Anyway, he persisted. I started telling Louis about all the things I had accomplished, and the hours I’d worked, and how none of it meant anything. He just listened as I told him all of this stuff, and how I’d come to be there and what a failure I was and how every night I went to bed praying that I wouldn’t wake up the next morning.
And he didn’t argue with me, he just said to me, “Well, what is it that you wanted to do?” like he really seemed to understand. You know how sometimes you just get those encounters with strangers? And he just seemed to get it, you know, unlike all my family and friends who were always telling me how wonderful I was, but I couldn’t believe it.
But Louis the painter was different. Because he was actually listening and he didn’t just go “Oh, here’s this blubbering idiot.” He seemed to really get it, like he’d been there or something. So he started asking me all these questions and he kept asking, “Well what was it, exactly, that you wanted to do? Why can’t you do it?”
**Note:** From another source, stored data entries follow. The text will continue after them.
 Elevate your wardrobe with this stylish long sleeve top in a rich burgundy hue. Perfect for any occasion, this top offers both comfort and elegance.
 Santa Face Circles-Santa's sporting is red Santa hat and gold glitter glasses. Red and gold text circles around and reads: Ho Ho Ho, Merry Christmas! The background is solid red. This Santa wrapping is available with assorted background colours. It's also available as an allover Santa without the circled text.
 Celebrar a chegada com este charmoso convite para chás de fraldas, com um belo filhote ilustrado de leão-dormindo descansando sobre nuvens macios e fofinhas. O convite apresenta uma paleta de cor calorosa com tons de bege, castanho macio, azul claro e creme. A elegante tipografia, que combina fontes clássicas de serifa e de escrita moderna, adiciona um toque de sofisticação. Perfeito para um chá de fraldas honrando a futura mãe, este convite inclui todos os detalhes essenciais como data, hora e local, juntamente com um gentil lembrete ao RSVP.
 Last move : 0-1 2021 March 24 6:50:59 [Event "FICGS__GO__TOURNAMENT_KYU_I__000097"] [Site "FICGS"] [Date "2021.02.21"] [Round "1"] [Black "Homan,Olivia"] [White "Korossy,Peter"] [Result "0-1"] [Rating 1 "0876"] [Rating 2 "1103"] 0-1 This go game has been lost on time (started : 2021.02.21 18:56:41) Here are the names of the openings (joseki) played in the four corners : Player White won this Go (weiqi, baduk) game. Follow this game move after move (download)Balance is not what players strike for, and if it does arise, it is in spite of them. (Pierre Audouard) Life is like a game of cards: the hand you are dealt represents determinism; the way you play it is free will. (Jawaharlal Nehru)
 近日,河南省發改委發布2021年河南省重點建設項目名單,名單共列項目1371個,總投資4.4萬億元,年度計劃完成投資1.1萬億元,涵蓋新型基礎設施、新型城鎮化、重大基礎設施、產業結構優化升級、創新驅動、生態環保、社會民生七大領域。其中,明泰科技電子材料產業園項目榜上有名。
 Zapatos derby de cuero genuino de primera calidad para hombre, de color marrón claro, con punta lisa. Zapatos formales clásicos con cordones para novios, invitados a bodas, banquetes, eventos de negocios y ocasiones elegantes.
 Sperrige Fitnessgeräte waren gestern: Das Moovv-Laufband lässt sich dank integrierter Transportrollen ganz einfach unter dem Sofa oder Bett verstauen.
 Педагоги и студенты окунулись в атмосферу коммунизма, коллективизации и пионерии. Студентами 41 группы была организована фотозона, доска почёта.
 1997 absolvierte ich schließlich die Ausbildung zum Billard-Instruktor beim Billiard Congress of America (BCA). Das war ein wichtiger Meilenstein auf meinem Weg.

Finally I said, “Well, I wanted to be a motivational speaker. I really enjoy talking in groups.” And he responded, “What’s so stupid about that?”
“Who’s going to listen to a 20-something year old who’s got depression? What could I possibly say that anyone would enjoy listening to? And what’s more, even if I get through this I’ll carry that label all my life.”
He said, “Well you go and you learn some things and you’ll do some stuff that’s different and you’ll figure it out. You can still make that happen.”
So he called over to my Mum and said, “Teresa, can you get me a piece of paper?” and Mum comes over with a piece of paper and he says, “Here Chandell, I want you to write down something for me in a minute. I don’t want you to tell me what it is, I just want you to imagine that in five years’ time you’ve just finished doing a presentation and there’s this young girl in the audience and she’s just a mess and she doesn’t know what she’s going to do and she’s just totally lost. I want you to write down what it is that you’re going to tell her – the one piece of information that’s going to give her a chance.”
And I wrote it down. I was angry, but I wrote it down and gave him the piece of paper, and he didn’t even look at it – just folded it up and put it in his pocket and walked away. But I’ve never forgotten Louis, somehow his response started me back on the road to health. Maybe it was even his refusal to argue with me – it didn’t matter how angry I was, all my excuses just bounced off his determination to get me to project forward and think what I’d say to that girl.
Talking to Louis like that didn’t transform my life overnight – it wasn’t until a few weeks later when I went to an Neuro-Linguistic Programming (NLP) Training that that happened – but for just a few minutes it did force me to look outside my misery and create a picture of a different way of thinking and living.